Dataset items
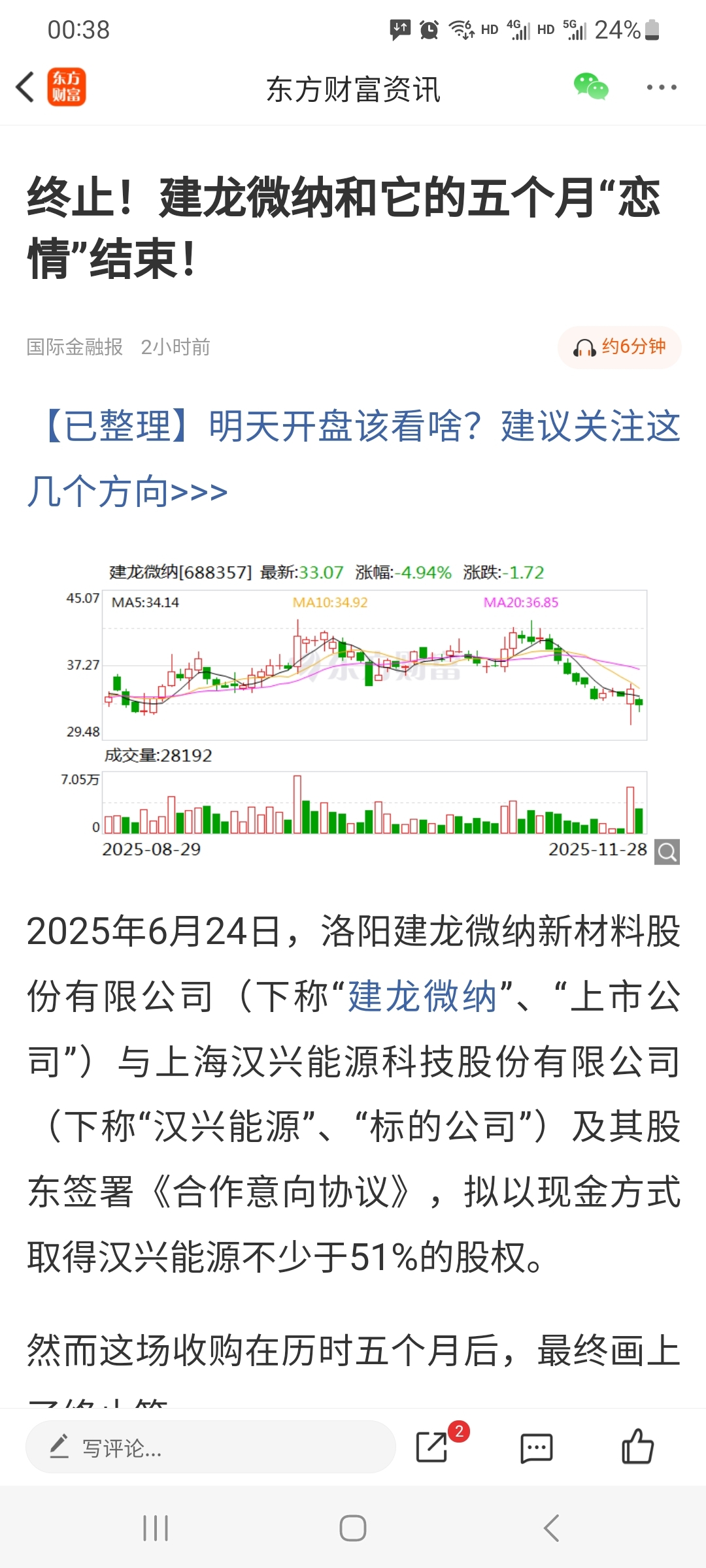 老韭菜深知上市公司重组是个套,如果我早知东方精工要卖资产重组,我打死也不会买的,没办法买了就偏偏要发生重组,重组害人,建龙微纳又宣布终止了。
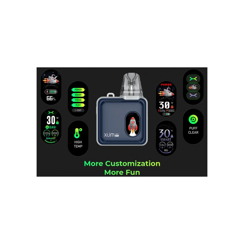 Elektronická cigareta OXVA Xlim SQ Pro je zárukou dokonalého vapingu! Moderně zpracované tělo baterie je pokryto technologií IML (In Mold Labeling) = vícevrstvá fólie zalitá plastem, opticky téměř nerozeznatelná od výrobků z pravého kovu, ovšem s výhodami plastu. Integrovaný monočlánek o kapacitě 1200 mAh disponuje rychlým USB-C nabíjením. Přední panel je obohacen o 0,96 palcový barevný TFT displej (Thin Film Transistor) pro snadné nastavení a zobrazení hodnot včetně zábavné tapety displeje. OXVA Xlim SQ Pro nabízí režimy Power a Smart o maximálním výkonu až 30 W. Tvorbu páry zajišťuje systém automatického žhavení - stačí pouze potáhnout z náustku. Na boční straně baterie je umístěno regulační tlačítko pro přívod vzduchu, díky kterému si jednoduše nastavíte RDL nebo MTL režim vapování. V obsahu balení nalezneme cartridge Xlim V3 s bočním plněním. Lze však použít i cartridge Xlim V2. Žhavicí hlava má omezenou životnost a je potřeba ji pravidelně vyměňovat (vždy při opotřebení).
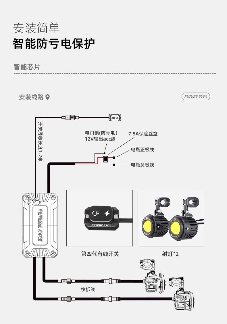 Future Eye F20P Motorcycle Spotlight Led Headlights Lens turn lights superbright bright light external spotlights pave-Taobao
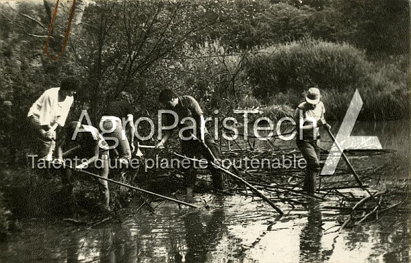 Les Jeunes pour la Nature des Yvelines travaillent au récurage et au nettoyage des berges de l’étang du Parc d’Observation de Broussay (Photo Patrice SAGUET / mention souhaitée).
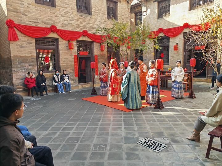 隨著演員齊聲吟誦,古院落中,一場明制出閣禮正在上演。不大的小院擠滿了觀禮游客,院外不少人沒擠進來,還在踮腳朝里望。這里是山西省高平市河西鎮(zhèn)的喜鎮(zhèn)蘇莊景區(qū)。
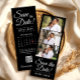 This modern black design features three customizable photo booth–style images, classic script typography, a clean calendar highlighting your date, and a built-in QR code area for easy access to your wedding website or photo gallery.
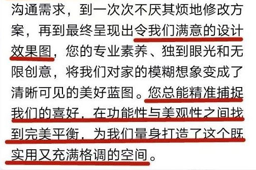 “金杯銀杯不如客戶的口碑”,在裝修界,有一種強大的影響力叫“業(yè)主代言”。南京紅牛裝飾以客戶滿意度作為檢驗家裝質(zhì)量的唯一標(biāo)準(zhǔn),以口碑鑄就品牌力量。因此,收獲了眾多裝修客戶的認可與贊許。
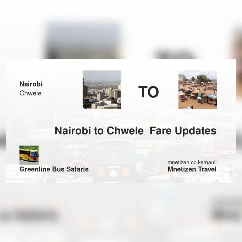The fare from Nairobi to Chwele with Greenline Bus Safaris is ksh 1,400. Prices may vary during holidays and school terms.
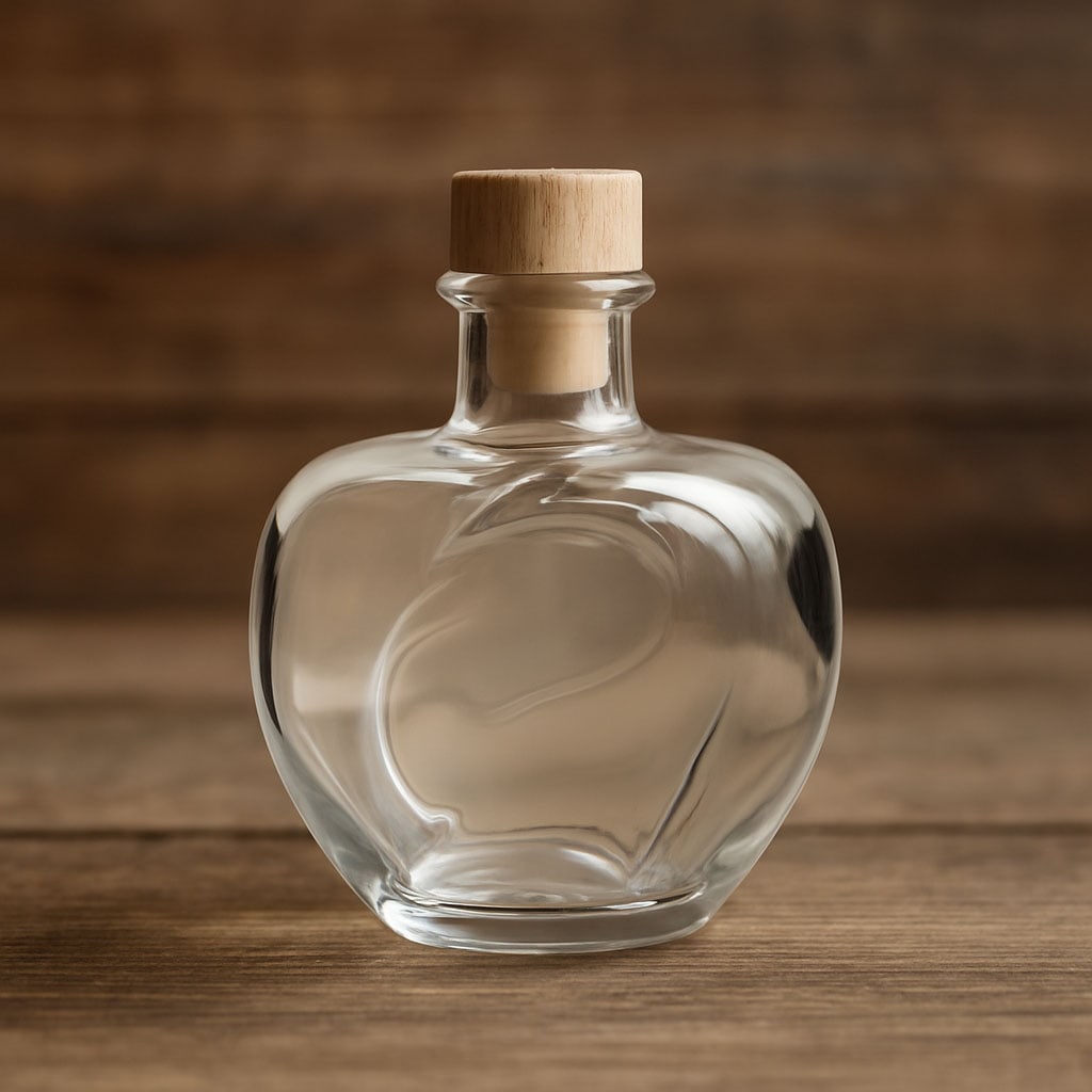 Бутилката с мотив „Ябълка“ впечатлява с уникалната си форма на ябълка и е перфектният избор за изискани плодови ракии и ликьори. Нейният детайлен дизайн от висококачествено прозрачно стъкло подчертава естествения характер на съдържанието и я прави истински акцент. Корковото гърло осигурява стилно и сигурно запечатване, докато хармоничната форма подчертава стойността на продукта.
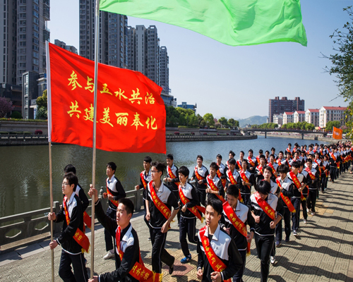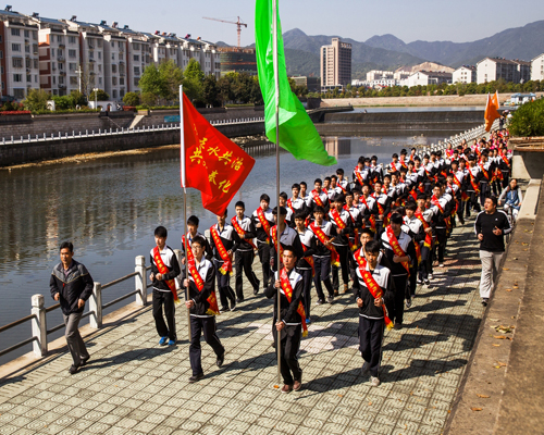 奉化一所职业学校的学生为宣传五水共治举行的环县江跑步活动,一边还高喊宣传口号,让百姓们知道五水共治的必要性。
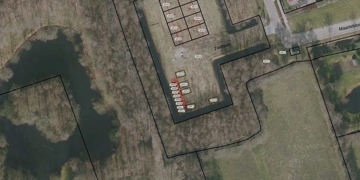 Het perceel waarop Titelroas 1-5 staat heeft een oppervlakte van 2775 m². Dit is een zeer groot perceel. De perceeloppervlakte wordt geregistreerd door het Kadaster. Gedetailleerde informatie over de maten van dit perceel kunt u vinden in het rapport Kadastrale kaart met maatvoering van Titelroas 1-5.
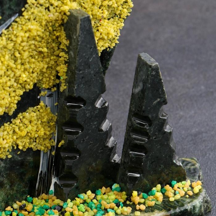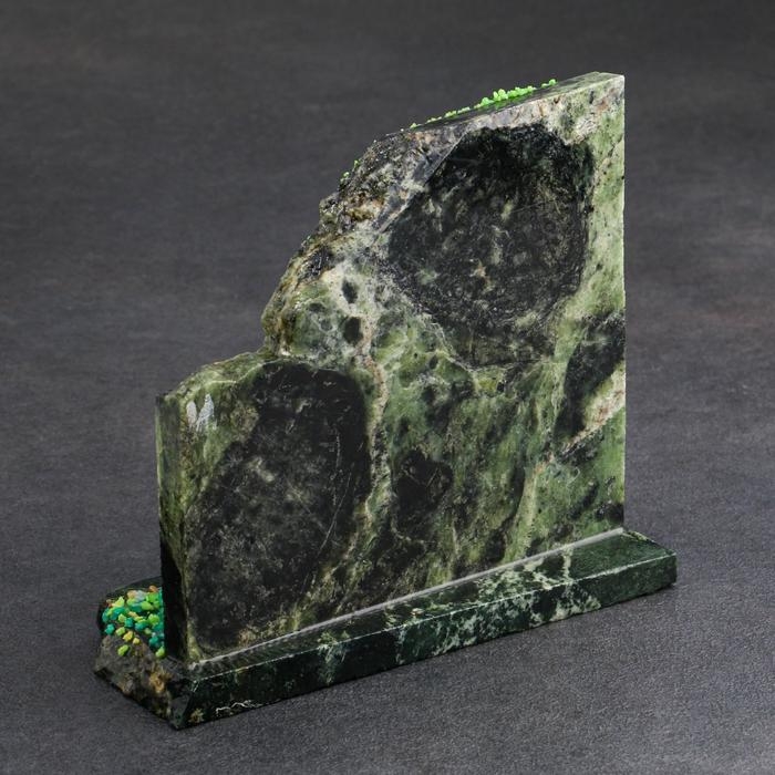 Серпентинит в народе называют змеевиком из-за схожести со змеиной кожей. Цвет минерала варьируется от тёмно- до жёлто-зелёного.
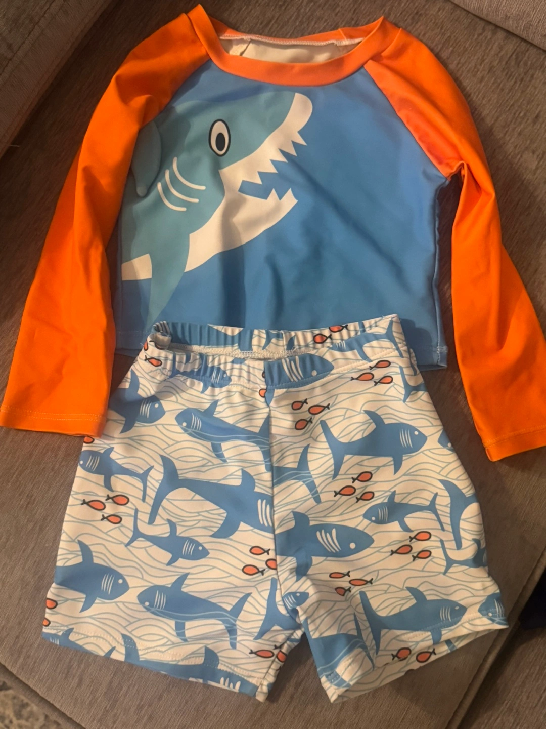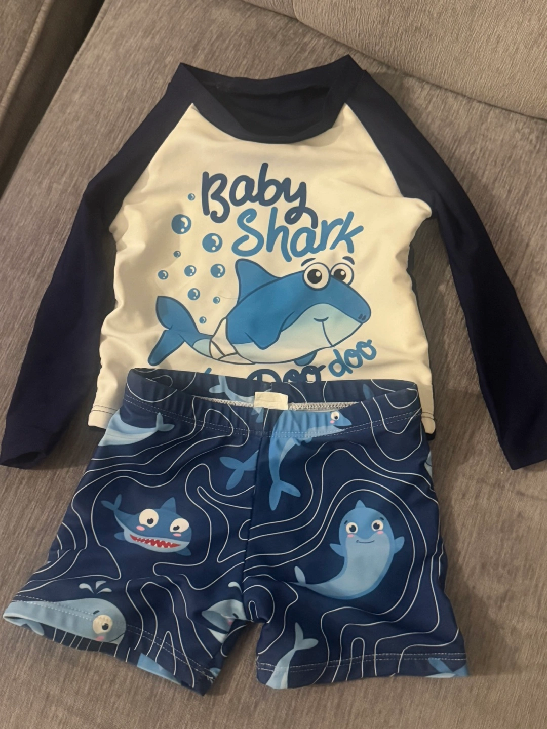 Two-piece baby swimsuit set. Features a long-sleeve rash guard and swim shorts. Cute shark designs. Perfect for summer fun.

- ACTIVITY -
Down to the last line, set down the data above exactly, and omit all images.

- SOLUTION TO THE EXERCISE -
 老韭菜深知上市公司重组是个套,如果我早知东方精工要卖资产重组,我打死也不会买的,没办法买了就偏偏要发生重组,重组害人,建龙微纳又宣布终止了。
 Elektronická cigareta OXVA Xlim SQ Pro je zárukou dokonalého vapingu! Moderně zpracované tělo baterie je pokryto technologií IML (In Mold Labeling) = vícevrstvá fólie zalitá plastem, opticky téměř nerozeznatelná od výrobků z pravého kovu, ovšem s výhodami plastu. Integrovaný monočlánek o kapacitě 1200 mAh disponuje rychlým USB-C nabíjením. Přední panel je obohacen o 0,96 palcový barevný TFT displej (Thin Film Transistor) pro snadné nastavení a zobrazení hodnot včetně zábavné tapety displeje. OXVA Xlim SQ Pro nabízí režimy Power a Smart o maximálním výkonu až 30 W. Tvorbu páry zajišťuje systém automatického žhavení - stačí pouze potáhnout z náustku. Na boční straně baterie je umístěno regulační tlačítko pro přívod vzduchu, díky kterému si jednoduše nastavíte RDL nebo MTL režim vapování. V obsahu balení nalezneme cartridge Xlim V3 s bočním plněním. Lze však použít i cartridge Xlim V2. Žhavicí hlava má omezenou životnost a je potřeba ji pravidelně vyměňovat (vždy při opotřebení).
 Future Eye F20P Motorcycle Spotlight Led Headlights Lens turn lights superbright bright light external spotlights pave-Taobao
 Les Jeunes pour la Nature des Yvelines travaillent au récurage et au nettoyage des berges de l’étang du Parc d’Observation de Broussay (Photo Patrice SAGUET / mention souhaitée).
 隨著演員齊聲吟誦,古院落中,一場明制出閣禮正在上演。不大的小院擠滿了觀禮游客,院外不少人沒擠進來,還在踮腳朝里望。這里是山西省高平市河西鎮(zhèn)的喜鎮(zhèn)蘇莊景區(qū)。
 This modern black design features three customizable photo booth–style images, classic script typography, a clean calendar highlighting your date, and a built-in QR code area for easy access to your wedding website or photo gallery.
 “金杯銀杯不如客戶的口碑”,在裝修界,有一種強大的影響力叫“業(yè)主代言”。南京紅牛裝飾以客戶滿意度作為檢驗家裝質(zhì)量的唯一標(biāo)準(zhǔn),以口碑鑄就品牌力量。因此,收獲了眾多裝修客戶的認可與贊許。
The fare from Nairobi to Chwele with Greenline Bus Safaris is ksh 1,400. Prices may vary during holidays and school terms.
 Бутилката с мотив „Ябълка“ впечатлява с уникалната си форма на ябълка и е перфектният избор за изискани плодови ракии и ликьори. Нейният детайлен дизайн от висококачествено прозрачно стъкло подчертава естествения характер на съдържанието и я прави истински акцент. Корковото гърло осигурява стилно и сигурно запечатване, докато хармоничната форма подчертава стойността на продукта.
 奉化一所职业学校的学生为宣传五水共治举行的环县江跑步活动,一边还高喊宣传口号,让百姓们知道五水共治的必要性。
 Het perceel waarop Titelroas 1-5 staat heeft een oppervlakte van 2775 m². Dit is een zeer groot perceel. De perceeloppervlakte wordt geregistreerd door het Kadaster. Gedetailleerde informatie over de maten van dit perceel kunt u vinden in het rapport Kadastrale kaart met maatvoering van Titelroas 1-5.
 Серпентинит в народе называют змеевиком из-за схожести со змеиной кожей. Цвет минерала варьируется от тёмно- до жёлто-зелёного.
 Two-piece baby swimsuit set. Features a long-sleeve rash guard and swim shorts. Cute shark designs. Perfect for summer fun.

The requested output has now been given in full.